Day 5: Students used watercolor to make their flowers look awesome!

Day 6: Students cut out their flowers. Students folded strips of paper accordian style and glue them to the back of the flower and to the front of the background. This make the flowers POP off of the page. Voila!







Don't these look awesome!?

Thursday, November 1, 2012

Bare Trees with 1st Grade

I did a project with my 1st graders yesterday on Halloween. It was a really bad idea because they were completely crazy with thoughts of costumes, candy, and fun times. Luckily, they came to art class immediately after their fall party in the classroom. Seriously, my 1st graders were crazy-town yesterday! They finished the project in about five minutes. Not okay.
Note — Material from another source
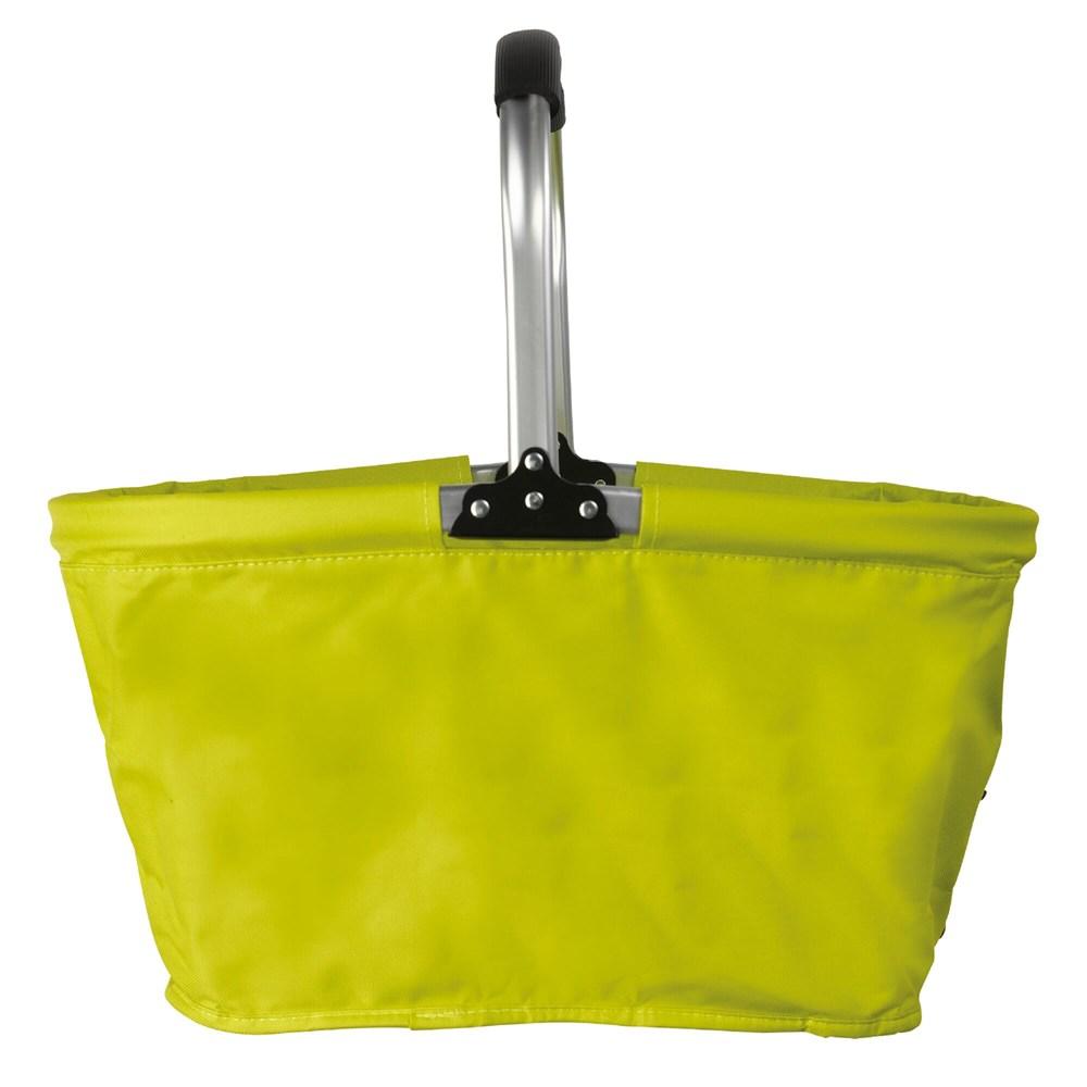 Eenvoudig opvouwbare koeltas in het model van een picknickmand. Stevig door hoogwaardig polyester. Kan bedrukt worden middels transferdruk.

I searched Pinterest (yes, I finally gave in) for a quick, filler project and found this. I thought drawing trees would be a cute project even if none of them ended up looking like trees are supposed to.

Let me just say, my 1st graders blew me away!! These turned out so well!!

I drew a tree under the ELMO document reader using the letters "Y" and "V." I used crayons only; crayons are my favorite. Here is my example:


Here are the awesome trees made by my talented 1st grade students!






















I'm so proud and impressed! I may have used this as a filler lesson, but I think now that I should develop it into a bigger lesson! These look so cool!!

Tuesday, October 23, 2012

Kindergarten: Types of Line

I got the idea for this lesson while browsing through the art teacher tag on Instagram. When I see an idea I want to use, I take a screenshot and save it for later. This is the first one that I have I put to use!

This lesson does require some prep, unless you honestly expect kindergartners to be able to use a ruler properly. I used scrap paper from another project. I had cut four inches off of paper for another grade and was left with these 4x12 inch slices of paper. On the short sides of the paper, I picked a width and marked it with lines that would later be connected by my students. This is important so all of the lines will fit next to one another and form one, larger line.


I used a method I learned in printmaking class to mark the papers more quickly.



I started the lesson by asking the students to give me a definition of a line. This discussion guided the class to talking about different types of line. I had a half sheet of computer paper that I put each type of line on, i.e. zig-zag, curvy, wavy, thick, thin, etc.

I then demonstrated the project for the students while they watched around my table.
  1. With a black crayon, connect the top dashes with a crazy line.
  2. With a black crayon, connect the bottom dashes with a crazy line.
  3. Color inside the black lines (the middle) with a black crayon.
  4. Use all the other colors on the top and bottom! Make it random, not a "picture."
I demonstrated ALL of the steps for the students until it was through, emphasizing that they needed to color neatly, only use black on the line, etc.

I had students go back to their seats and passed out the papers with the front side down. I instructed students to write their names on the side I put down for them. I then vocally walked the students through all of the steps again. It may be necessary to walk around the room and help some with the line part. A lot of students don't want to color between the dashes, connect the dashes, etc.

As the students finished, I had them bring their lines to me at the back table. I put two pieces of masking tape on the back of their lines, and connected them all on the wall! I wrote the teacher's name on the inside of my line and put it at the very end. The students loved pointing out where their lines were. I'd say it was a pretty successful project.